Vertix Robotics provides pixel‑wise semantic segmentation, polygon annotation, 2D bounding boxes (horizontal, rotated, and oriented), 3D cuboid annotation, LiDAR and RADAR point‑cloud labeling, multi‑object and single‑object tracking, lane‑marking semantics, drivable‑area detection, and AI‑powered multi‑sensor fusion annotation for autonomous driving datasets.

How does polygon and pixel‑wise semantic segmentation help autonomous driving models?

Polygon and pixel‑wise semantic segmentation provide precise object boundaries and class labels for every pixel in an image. This helps autonomous driving models handle occlusions, distinguish between adjacent objects, understand road elements such as sidewalks and vegetation, and make more accurate decisions compared to simple bounding‑box‑only approaches.

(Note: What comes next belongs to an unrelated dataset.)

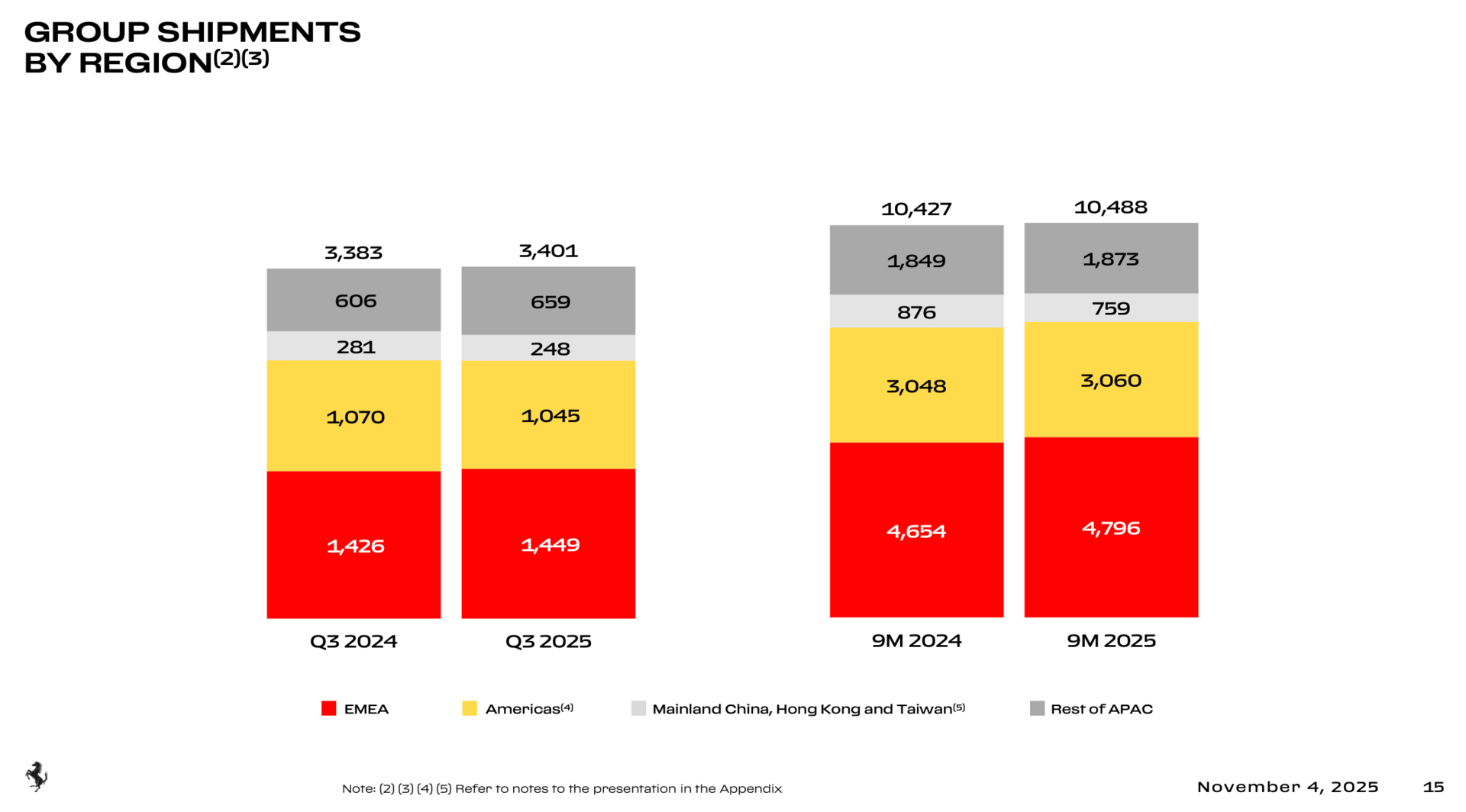 Personalizations remain a key driver, with Q3 penetration at approximately 20%, stronger than the long-term target of 19%. The new tailor-made centers are primarily designed to bring Ferrari closer to clients in markets where personalization is particularly relevant, such as Japan and the Western Coast of the USA.
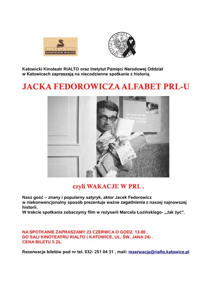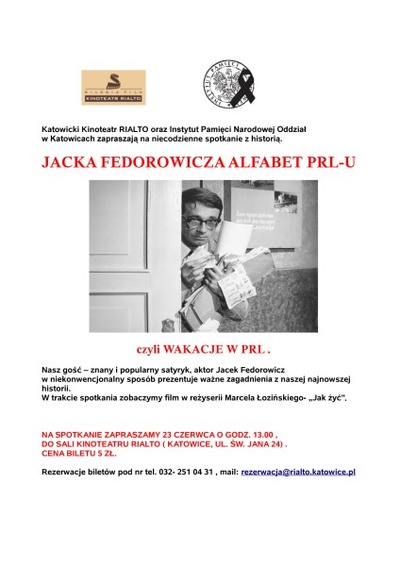 Oddział Instytutu Pamięci Narodowej w Katowicach oraz katowicki Kinoteatr Rialto zorganizowały niecodzienne spotkanie z historią: „Jacka Fedorowicza Alfabet PRL-u, czyli wakacje w PRL”, Spotkanie odbyło się 23 czerwca br. w Kinoteatrze Rialto (ul. Św. Jana 24). Nasz gość – znany i popularny satyryk, aktor Jacek Fedorowicz w niekonwencjonalny sposób zaprezentował ważne zagadnienia z naszej najnowszej historii. W trakcie spotkania wyświetlono film w reżyserii Marcela Łozińskiego – „Jak żyć”.

What is the difference between 2D and 3D bounding box annotation in this context?

2D bounding boxes localize objects in image space and are ideal for fast object detection. 3D bounding boxes, or cuboids, extend this into three‑dimensional space, providing depth, orientation, and spatial positioning. For autonomous driving, 3D cuboids are critical to understanding how far objects are, how they are oriented, and how they move relative to the vehicle.

How does Vertix Robotics handle LiDAR and RADAR point‑cloud annotation?

Vertix Robotics annotates LiDAR and RADAR point clouds with 3D bounding boxes and point‑wise segmentation to deliver a consistent 360° perception of the environment. This includes labeling vehicles, pedestrians, infrastructure, and terrain features so that AI models can perceive depth and obstacles accurately, even in night‑time or adverse weather conditions where cameras struggle.

What is sensor fusion annotation and how does Vertix Robotics support it?

Sensor fusion annotation aligns and propagates labels across multiple sensor modalities such as cameras, LiDAR, and RADAR. Vertix Robotics uses an AI‑powered sensor fusion tool: annotators label a primary sensor, and the system automatically projects those annotations onto other sensor streams according to positional alignment. This reduces manual effort, improves consistency, and significantly lowers annotation costs.

Why is video tracking annotation important for autonomous driving?

Video tracking annotation maintains consistent object identities across frames for vehicles, pedestrians, cyclists, and other road users. This enables autonomous driving models to estimate trajectories, predict future positions a few critical seconds ahead, and anticipate potential collisions or dangerous situations, improving overall safety and responsiveness.

What are lane‑marking and drivable‑area annotations, and why do they matter?

Lane‑marking annotation labels each type of road marking—such as solid, dashed, double, or colored lines—along with its semantic meaning. Drivable‑area annotation segments where the vehicle can safely drive versus restricted or hazardous zones. Together they enable lane keeping, lane departure warning, path planning, and safe evasive maneuvers in complex road environments.

Why should mobility companies choose Vertix Robotics for autonomous driving annotation?

Vertix Robotics combines deep domain expertise in autonomous driving with AI‑powered annotation tools, scalable infrastructure, and strict QA processes. They handle complex multi‑sensor datasets at scale, deliver precise and consistent labels, accelerate model training cycles, reduce overall project costs, and ultimately help mobility companies deploy safer and more reliable autonomous vehicle systems.